Keywords: Craniopharyngioma, Proton, IMPT, Adaptive planning
INTRODUCTION
Craniopharyngioma is a locally aggressive intracranial tumor. There are approximately 120 cases diagnosed each year in the United States in patients aged younger than 19 years. The peak age of incidence ranges from 8 to 10 years (1). Younger patients appear to be the most vulnerable to the effects of irradiation, which is commonly used in conjunction with limited surgery and for those with tumor progression after attempted gross total resection. Current efforts in radiation oncology are focused on reducing the dose delivered to normal tissues in support of the hypothesis that reducing dose to normal brain tissues correlates favorably with long-term functional outcomes.
The use of highly focused methods of irradiation to treat craniopharyngioma can be challenging, because these tumors include solid and cystic components (2). The latter is prone to change in volume during treatment, which may compromise target volume coverage. Changes in the cyst volume may also adversely alter the position of normal tissues. Because of the possibility of target volume expansion, magnetic resonance imaging (MRI) during radiation therapy (RT) with the potential for adaptive therapy is crucial to avoid target compromise (3, 4).
From 1998 to 2003, we implemented a protocol that required MRI examinations at Weeks 3 and 5 of treatment for all patients with craniopharyngioma. Patients were treated with conformal RT for 6 weeks with a clinical target volume (CTV) margin of 10 mm and planning target volume (PTV) margin of 5 mm. Preliminary results of this study were reported (5) and showed that 3 of 28 patients required a change in their treatment plan as a result of cyst expansion. When we subsequently reduced the CTV and PTV margins to 5 mm and 3 mm, respectively, we modified our protocol to require weekly MRI using a dedicated radiation oncology magnetic resonance (MR) system. More frequent imaging was considered necessary because of the smaller target volume margins and our concern that changes observed previously when the margins were substantially larger would be clinically significant. Adaptive treatment planning was considered when the contour of the gross tumor volume (GTV) on a given weekly MRI examination intersected with or exceeded the CTV contour that was being used for treatment. Most patients were treated by use of forward-planned three-dimensional conformal RT and fewer by use of intensity-modulated radiation therapy (IMRT) to decrease the amount of planning time and required quality-assurance measures when an adaptive plan was indicated.

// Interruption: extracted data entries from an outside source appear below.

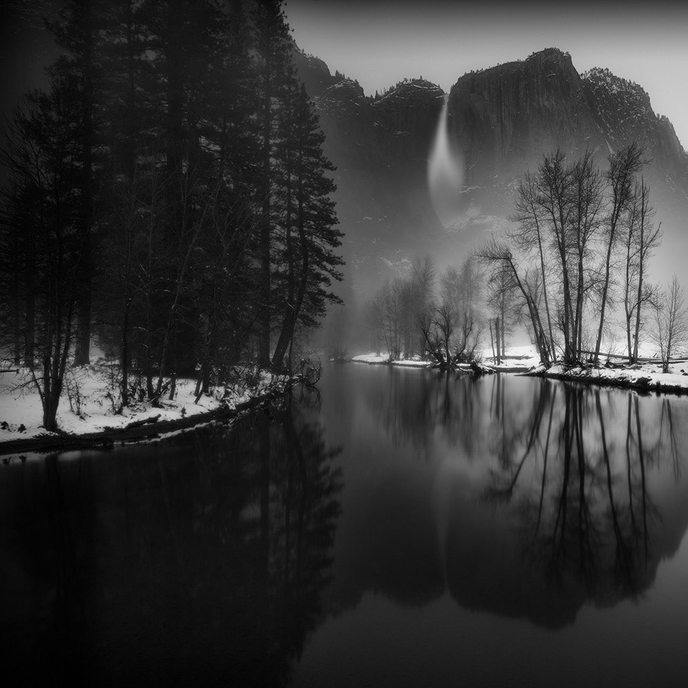Yosemite Falls from Swinging Bridge in Yosemite National Park, California at Sunset.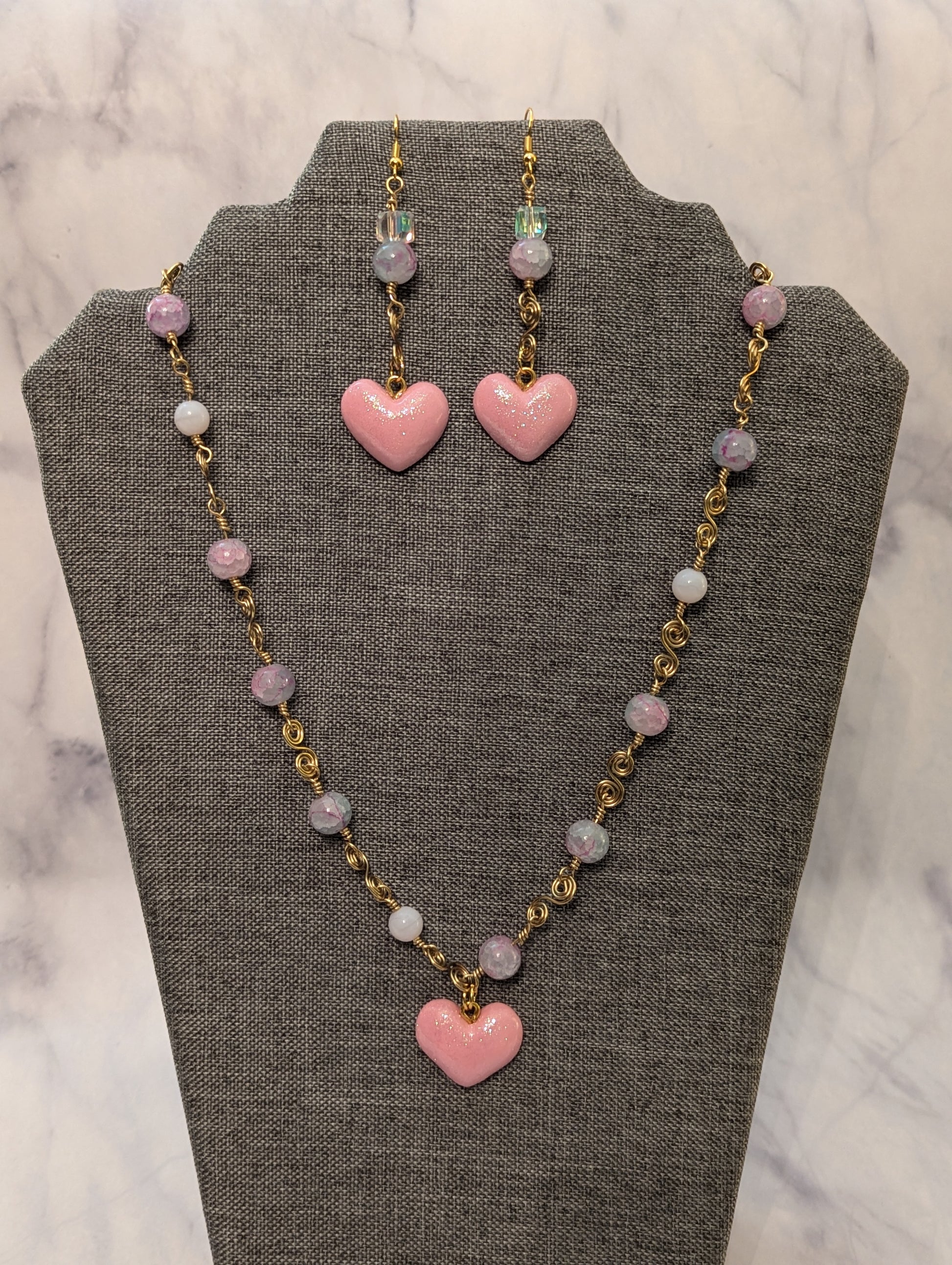 Our pink love set includes earrings and a necklace. The necklace is 20 in Long with a clay heart charm. Each length is handmade with a handmade clasp that can be done either left or right-handed. The earrings on stainless steel ear wires, gold tone and the metals used are brass. Each heart charm is clay hand-painted and covered with resin for durability. Your beads are a mixture of Czech glass and Swarovski Crystals. The links are durable, they are created into one another so they won't fall apart or come loose. Is sure to be a set that will last you a lifetime, with proper care. A care card will be included in a velvet pouch to store your jewelry.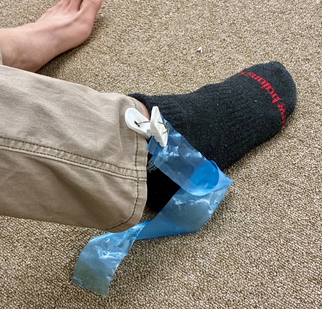 今回は、しっぽを足首付近に付けて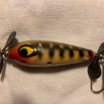 S-300 Jack Sprat - You can't read the name on the lure as it is scuffed on the back. I think the color: #8 Shad. It the heavier hook hanger and also has the split ring on the line tie. The wood body is 1 3/4" long. It has two small spinners and large hooks to give it additional weight so it will sink. 1951-1955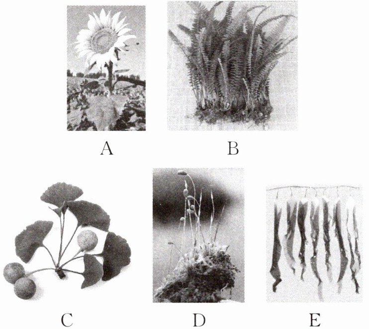 (填字母)。银杏与向日葵的共同特点是都能产生种子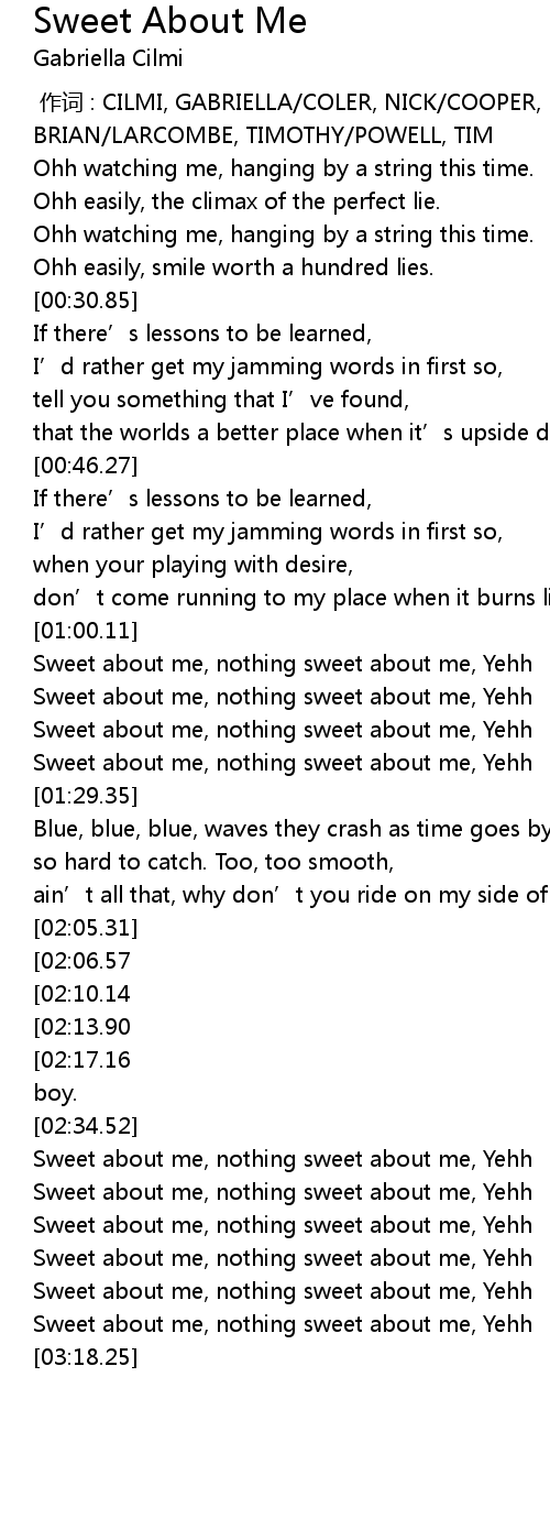 | [02:34.72] | Sweet about me, nothing sweet about me, Yehh |

In addition to minimizing target volume margins, we have sought to determine the role of newer treatment methods, including proton therapy, for the treatment of craniopharyngioma. Because of the sharp decrease in dose distal (and in some cases lateral) to the targeted volume, proton therapy may be more susceptible to target volume changes than photon therapy, when one is considering the treatment of a dynamic tumor such as craniopharyngioma.

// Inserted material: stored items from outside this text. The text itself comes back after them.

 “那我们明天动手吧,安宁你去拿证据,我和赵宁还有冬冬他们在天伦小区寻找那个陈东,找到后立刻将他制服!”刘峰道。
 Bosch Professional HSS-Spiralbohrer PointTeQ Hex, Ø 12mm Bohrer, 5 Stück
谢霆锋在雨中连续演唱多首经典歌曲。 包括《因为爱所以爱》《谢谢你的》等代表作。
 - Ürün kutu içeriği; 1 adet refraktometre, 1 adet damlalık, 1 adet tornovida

In this report we used the MRI data acquired from the serial evaluations of 14 pediatric patients with craniopharyngioma who received RT to study the dosimetric differences across photon IMRT, double-scatter proton (DSP) therapy, and intensity-modulated proton therapy (IMPT); differences in conformity index (CI) relative to the target volumes, the radiation dose to normal structures, and the sensitivity of the different planning methods to target changes based on weekly MRI during RT were noted.
METHODS AND MATERIALS
Patients
Criteria for inclusion in this study included age younger than 18 years, diagnosis of craniopharyngioma, RT at our institution between 2004 and 2007, and a minimum of 4 surveillance MRI evaluations during RT.

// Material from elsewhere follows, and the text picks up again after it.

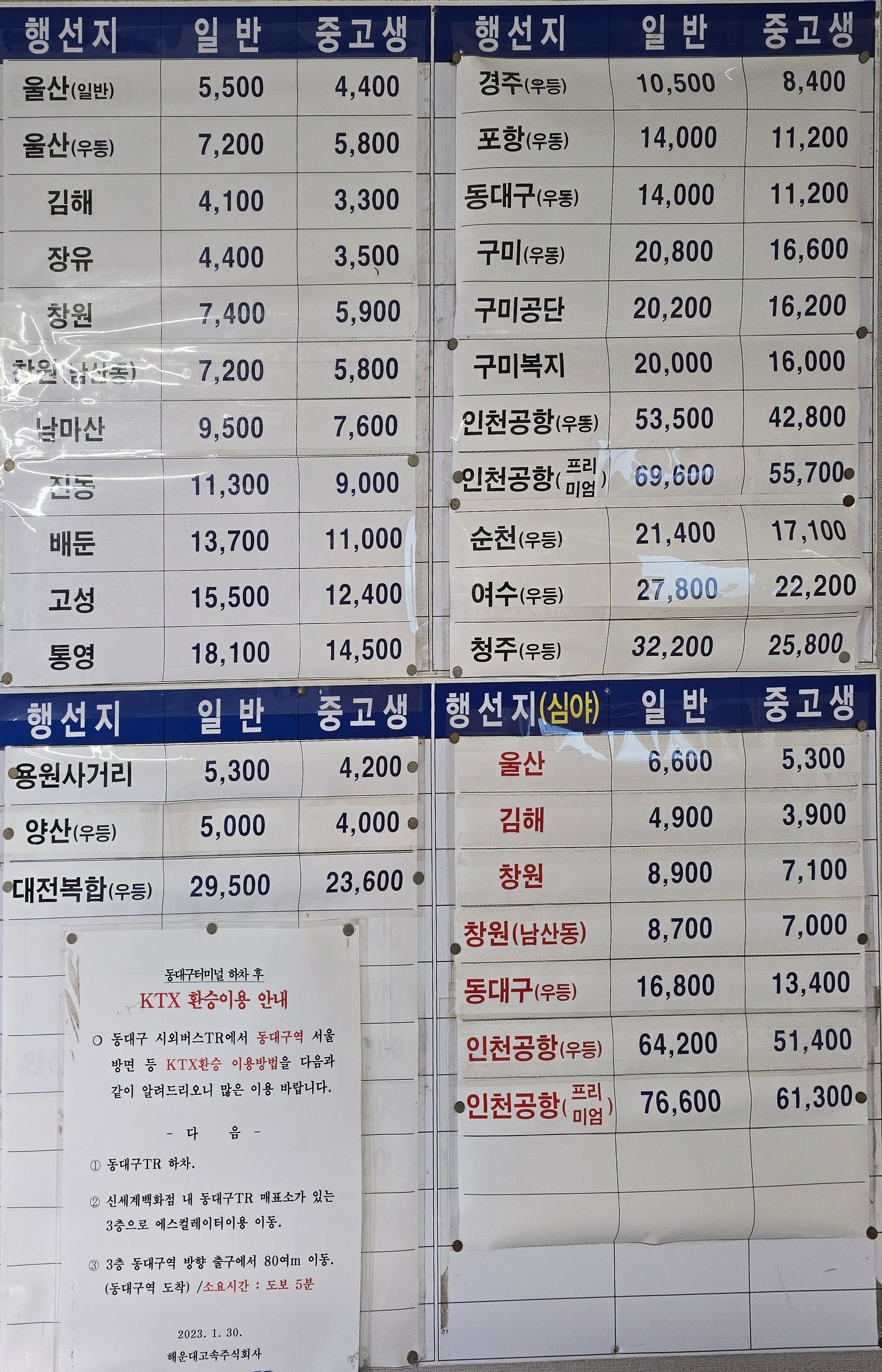 일반 우등버스 요금은 53,500원,프리미엄은 69,600원,심야프리미엄은 76,600원,심야우등은 64,200원이다.

Imaging and treatment planning
A treatment-planning MRI scan was obtained approximately 1 week before initiation of RT. The GTV for the baseline plan was contoured on the T2-weighted MRI scan in all cases and supplemented by information from a co-registered post-contrast T1-weighted MRI scan and a treatment-planning computed tomography (CT) scan. The CTV and PTV margins used for treatment planning were 5 mm and 3 mm, respectively. The prescribed dosage was 54 Gy delivered at 1.8 Gy per fraction, 5 days per week, for a total of 6 weeks.
Plan comparisons
A 5-field IMRT plan, a 3-field DSP plan, and a 4-field IMPT plan, all of which were non-coplanar, were created for each patient by use of the Eclipse 8.1 treatment-planning system (Varian Medical Systems, Palo Alto, CA). The proton plans were created with a proximal and distal margin of 2 mm beyond the PTV. In our interpretation of ICRU (International Commission on Radiation Units & Measurements) Report 78 (6), despite the lack of sensitivity of protons to source–surface distance changes, a PTV is required for proton planning to account for changes in tumor size, shape, and composition (internal margin) and uncertainty in MR-CT image registration and patient positioning and alignment (setup margin). Because our standard 3-mm PTV was more than large enough to account for these potential changes and uncertainties, we added an additional 2 mm beyond the PTV to account for the uncertainty of the distal edge, instead of the conventional 3 mm beyond the CTV, which would have been chosen based on the standard 3.5% calculation for tumors with distal margins of approximately 8 cm in tissue. The lateral margins were set to 8 mm beyond the PTV, which was used to create the aperture for DSP and spot placement for IMPT.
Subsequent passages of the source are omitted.